Lower than that and the food is too infrequent, so the bacteria do not reproduce so fast. They live just fine, though. Higher than 5 ppm and they do not grow as fast. I do not know at what level they start dying, though. Just that other species are more prevalent when the ammonia level is higher. The other species are better at reproducing when the ammonia level is higher.

The beneficial bacteria live on the surfaces, in a biofilm, a material they and other microorganisms make. It is a complex channel that allows the water to flow through and around the organisms. A quick rinse in chlorinated (chloramine or chlorine) probably will not kill the organisms- the water with the chlorine comes and goes so fast that very little of the chlorine contacts the beneficial organisms. As noted above, though, a beginner might do all sorts of things that could kill the bacteria from longer exposure to the temperature change issue, or adding soap and probably many more things. Safest to say 'Clean the filter media in water removed from the tank for a water change'.

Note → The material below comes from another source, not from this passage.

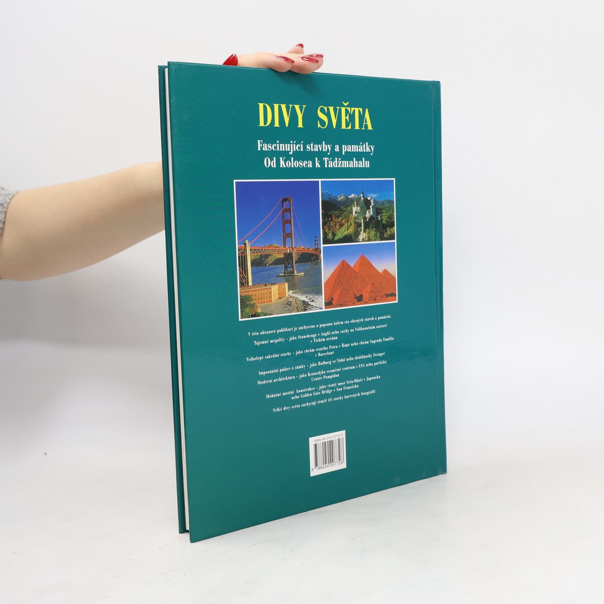 Tato obrazová publikace předvádí na stovku pozoruhodných a facsinujících staveb v rozmezí deseti tisíc let. Spektrum je široké, chrámy kostely, paláce a zámky, ale i ulice plné vody, přehrady, železnice a samozřejmě i věže a mrakodrapy našeho století. Publikace je rozdělena podle světadílů, stati udávají jednotlivé tematické okruhy jako například kostely skouží fundované historické informaci a usnadňuje přehled. Každé stabě je věnována jedna dvojstrana. Fascinující obrazy - kolem tři set dokonalých barevných fotografií - předvádějí velké divy tohoto světa.

Then you know the water is at the same temperature and water chemistry that the bacteria are already used to, so won't be killed.
It is probably just fine to give the media a quick rinse in tap water, hot (as long as you can still touch it, and handle the media) or cold. I generally find such a quick rinse is not enough to properly clean the media, though.
It is entirely safe to rinse the media in water you have prepared for the water change. Such water should be the right temperature, and close enough to the water parameters in the tank that it will cause no problems for the bacteria. But then I am throwing away perfectly good water that could have gone into the tank. I would have to prepare extra water, knowing I was going to throw away a few gallons.
Best is to clean the media in used aquarium water, then use that water in the garden. Gets the filter media as clean as it needs to be.